Eranda Nikolla, Ph.D., professor of chemical engineering in Wayne State University's College of Engineering, recently received a $533,837 research award from the Department of Energy's Office of Science for her proposal, "Tuning Catalytically Active Single Sites in Non-stoichiometric, Mixed Metal Oxides for Oxygen Electrocatalysis," which aims to address this need.

Nikolla's work will focus on the development of efficient electrochemical systems for energy generation and storage. She aims to combine computational tools with nanoscience and catalysis to design catalytically active cationic sites in non-stoichiometric, mixed metal oxides for oxygen reduction and evolution -- key reactions in renewable electrochemical energy conversion systems, such as generation of H2 from water.
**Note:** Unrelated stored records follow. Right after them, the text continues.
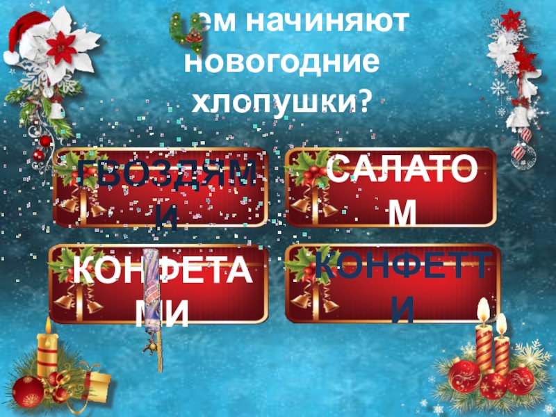 САЛАТОМКОНФЕТТИКОНФЕТАМИГВОЗДЯМИ   ем начиняют новогодние хлопушки?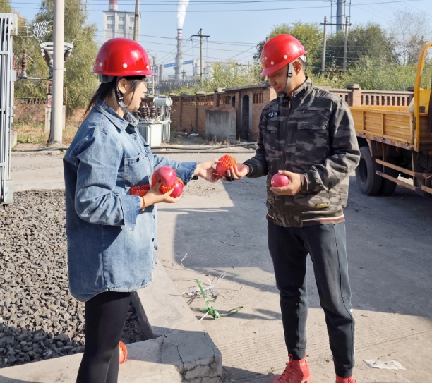 在新立变动力电缆改造及电动丙刀闸安装作业现场,电力部工会人员将苹果、橘子、南果梨等慰问品送到职工手中,详细询问工程进展、作业时间安排等情况,叮嘱职工严格兑规作业,做好自身防护,确保安全作业。(摄影:徐鹏九)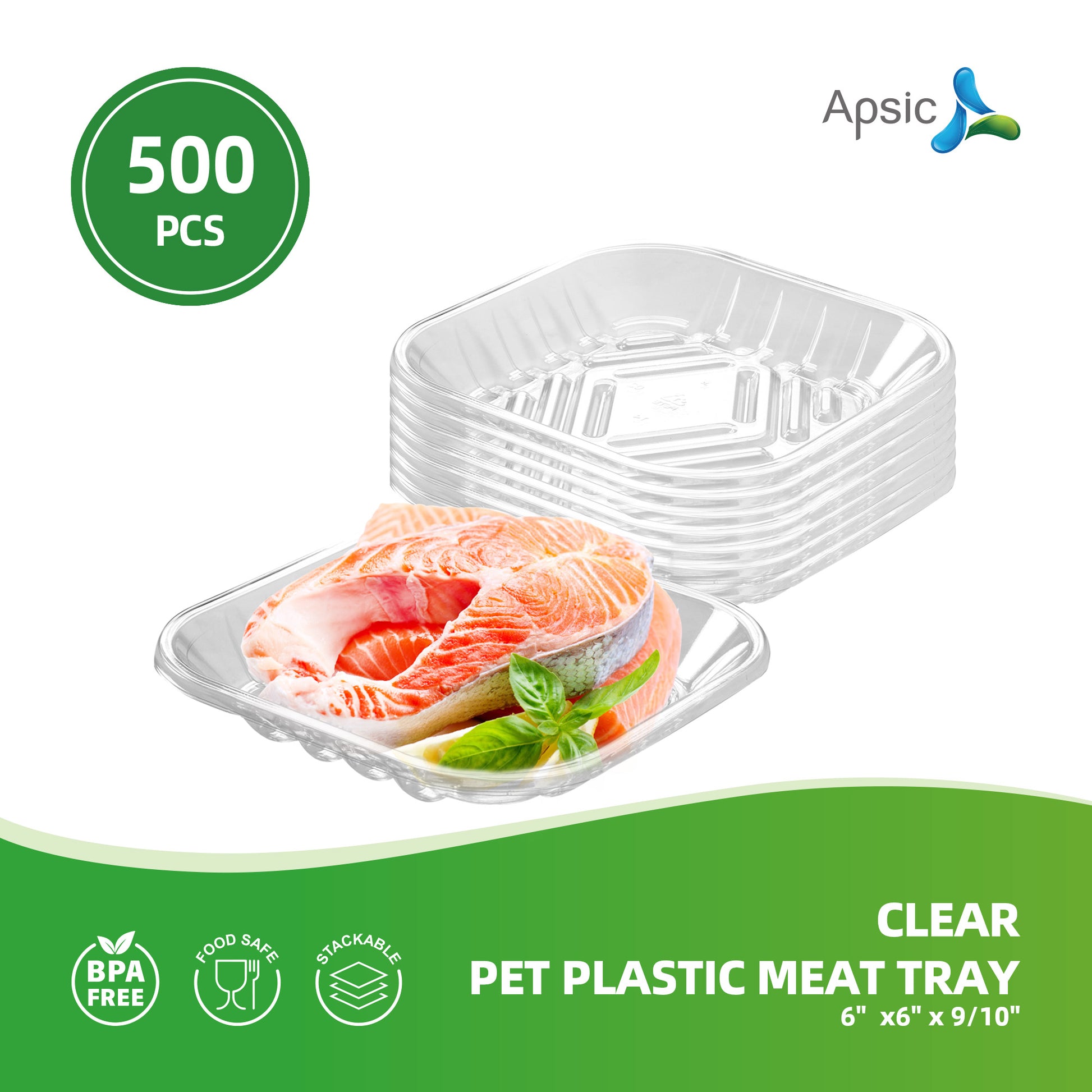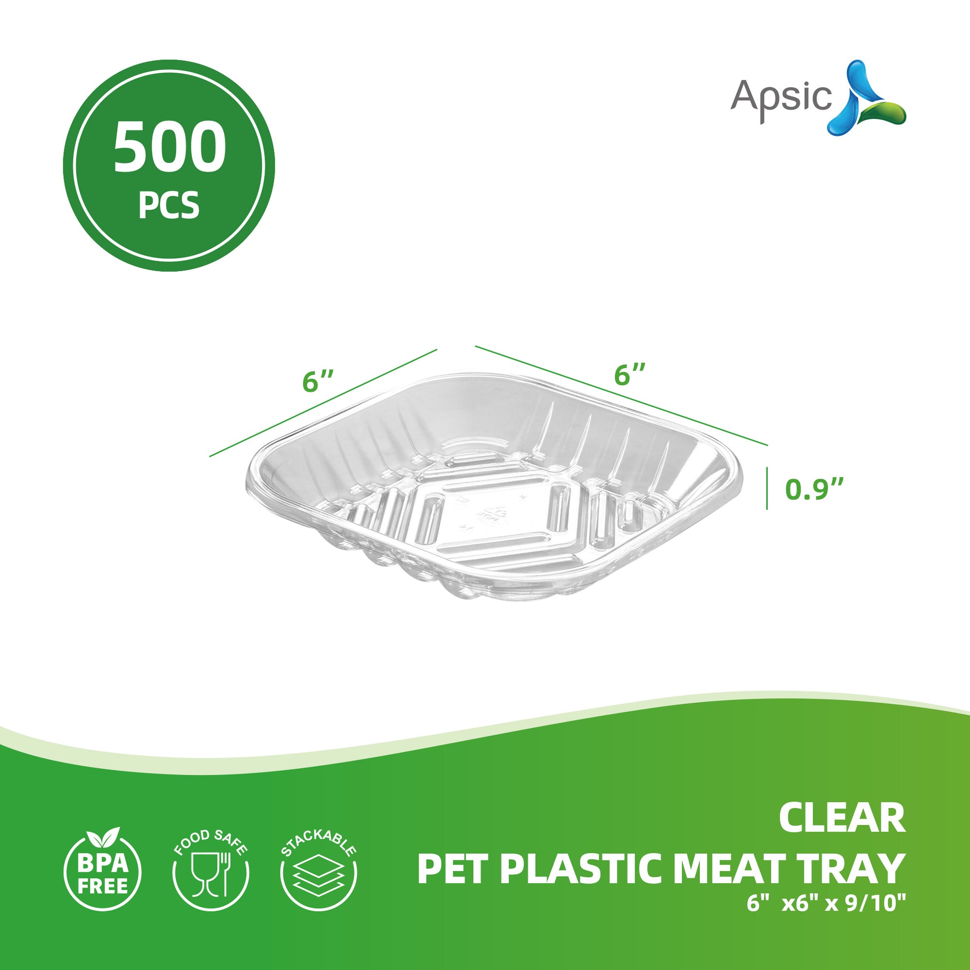 CLEAR PET PLASTIC MEAT TRAY 6" x6" x 9/10"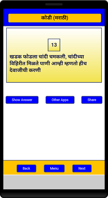 Apresentando um aplicativo exclusivo para quebra-cabeças em Marathi. Aproveite a coleção de kodi com sua família e amigos e compartilhe-os como quiser.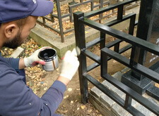 Снимаем с памятника защитные наклейки, красим ограждение, наполняем цветник корой.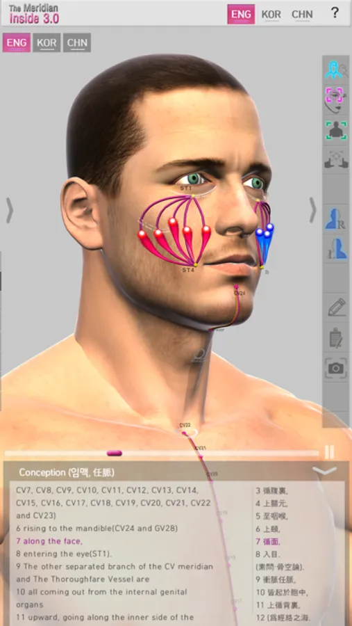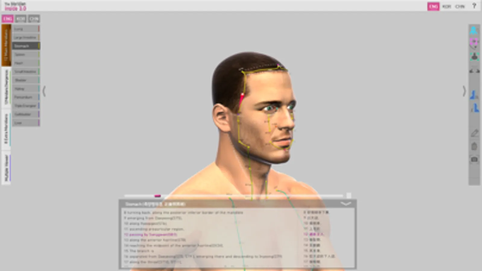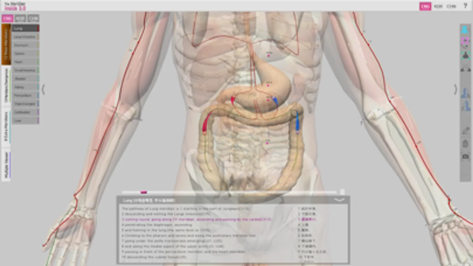 In 'The Meridian Inside of The VerdeRoot’, the skin, bones, muscle and internal organs of the 3D human model look realistic. The 14 Main Acupuncture Point Meridian, 12 Main Meridian, 8 Extra Meridian, and 12 Meridian Divergences are distinguished by rich colors so they are very easy to see. We adding some special menu for new runners, like “drive button bar” etc. So It is very helpful for begin studying The Meridian.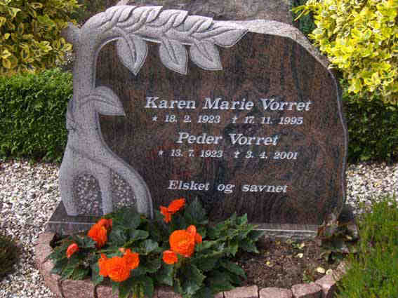 Peder blev gift med Karen Marie Jensen [6106] [MRIN: 2358], datter af Lars Peter Jensen [15881] og Nielsine Jensen [15882], den 3. feb. 1948 i Karup Kirke, Karup Sogn, Lysgård, Viborg. (Karen Marie Jensen [6106] blev født den 18. feb. 1923 i Uhregaard, Grove Sogn, Ginding, Ringkøbing og dåb den 29. mar. 1923 i Karup Kirke, Karup Sogn, Lysgård, Viborg.) |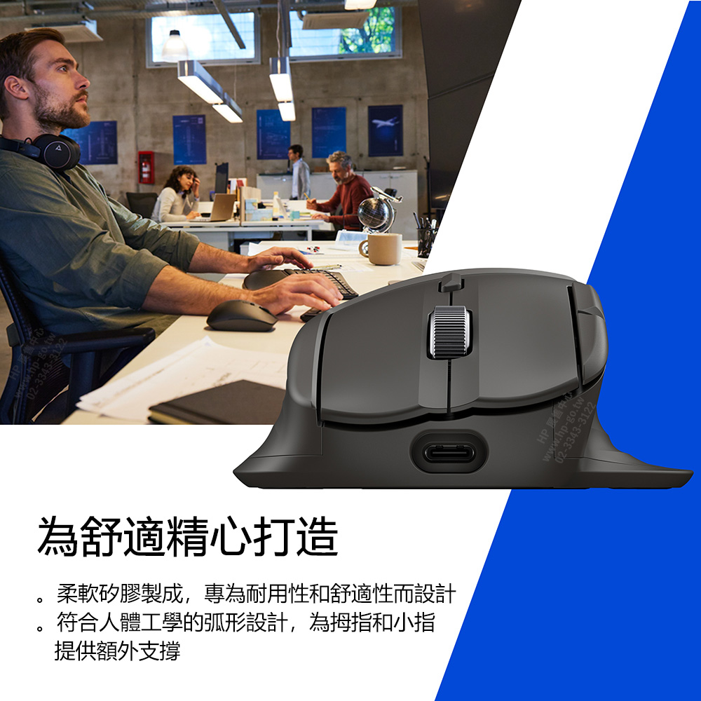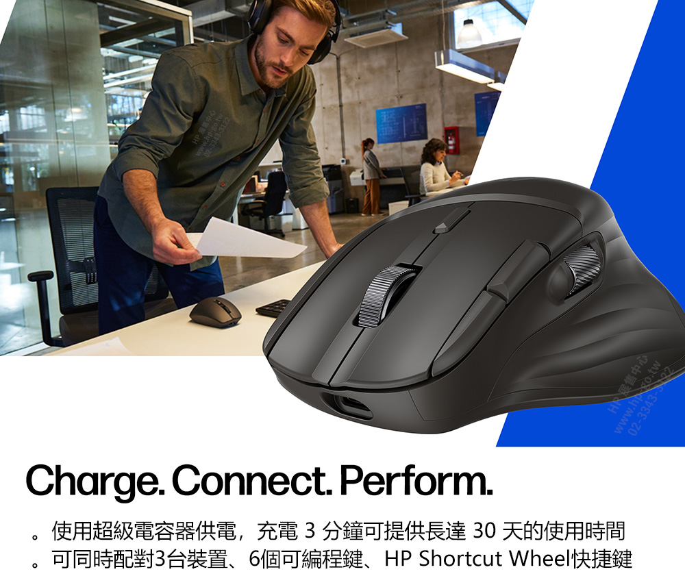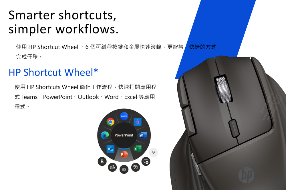 可同時配對3台裝置;4向滾輪;6個可編程鍵;HP Shortcut Wheel快捷鍵 |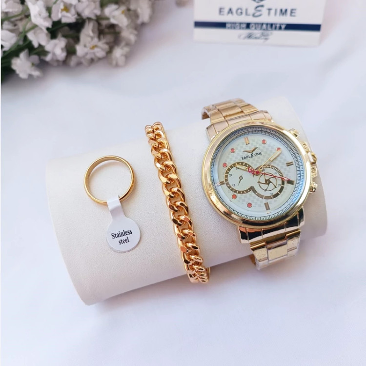 ساعت مچی مردانه دستبند انگشتر رینگی ست طلایی
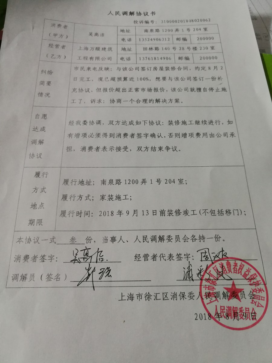 | 投訴類型 | 施工質量 | 投訴人 | 吳** | 被投訴單位 | 萬醍國際設計 |
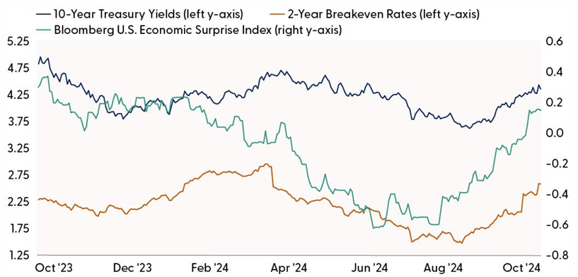Another reason yields have moved higher is that the bond market isn’t fully convinced the inflation genie is back in the bottle. The risk for the bond market is a Fed that cuts too aggressively into a still-growing economy, which would then potentially rekindle inflation concerns. Moreover, as it relates to the Trump presidency, there is a concern that deficit spending (which would have likely happened under a Harris presidency as well) and tariffs could help growth but also keep inflationary pressures elevated. Of that recent move higher in the 10-year Treasury yield, roughly 40% of the move can be attributed to inflation concerns.

The proposed work will have a significant impact on the development of efficient energy conversion systems.

"It is a great honor that our research has been funded by the U.S. Department of Energy's Basic Energy Sciences," said Nikolla. "This work will have a significant impact in the field by providing fundamental insights that can guide tuning of cationic sites in mixed metal oxide electrocatalysts for energy generation and storage."

The grant number for this Department of Energy award is DE-SC0020953.